To be or not to be? That is the ethical question!

Almost at the finishing line and things on this Law and Humanities module are finally beginning to make sense!  After studying the history of the relationship between law and humanities vis-à-vis the interpretation of law through literary texts and traditions, examining the critical possibilities of contemporary scholars in certain projects, especially through the mechanism of rhetoric, we are now looking at the responsibility and ethos of scholarship of scholars, lawyers and critics.

In ‘Educating the Total Jurist?’ W. Wesley Pue examines the role of legal education and how they shape future aspiring lawyers, or in his words, ‘citizen formation’.  He describes the image of lawyers as one of ‘gentlemanliness’ as befitting the ‘well-rounded barrister’.  By using the thoughts of eminent lawyers and scholars across the globe, he provides evidence of what he describes as the notion of the total jurist.  One such eminent lawyer includes our UK’s infamous Lord Denning; he talked about the ‘spirit of the profession’ which embraces values as ‘frankness, fairness, honesty, courage and the recognition of one’s duty to the Court and client.’

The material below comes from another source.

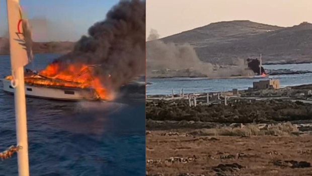 Ειδικότερα, σήμανε συναγερμός στη Μύκονο όταν στελέχη του τοπικού Λιμεναρχείου ενημερώθηκαν για φωτιά σε σκάφος λίγο πιο έξω από την Δήλο.
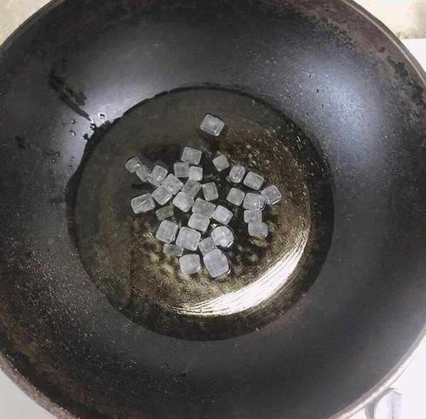 2、鍋裡倒入適量食用油,把適量冰糖倒入進去,

However, the values of ethics, morality and ‘gentlemanliness, I believe, have diminished over time and empathise with Pue’s view.  In today’s climate of globalisation, it appears that the legal profession is ‘all about the money’ (taken from Jerry Maguire), ‘success’ and what Margaret Thornton suggests as ‘the real danger of returning legal education to the ‘trade school’ mentality of the past’.  It is an uneasy thought to think that law schools are churning out ‘mere half-lawyer’ as Pue advocates.  If this is true, then legal education and the educating of a ‘total jurist’ is doomed.

However, later in his article, Pue suggests that not is all lost.  Even if legal education is being promoted in universities as value-free, there is the hope that law schools will return ‘to a more self-aware legal education’.  Furthermore, he hopes that we, as humans, will take on the responsibility, or ‘ethos’, to instil our own values, not just education and profession, but in everything we do in life!

Pue’s article resonates what I have been thinking about legal professionals and its values since embarking on a career in law, but am I wrong?  Are we, as students of law and humanities, not taught how ‘to rise above self-interest and the narrow view’ thus becoming ‘mere half-lawyers’ or are we resistant and/or responsible enough to return to becoming the total jurist of the past?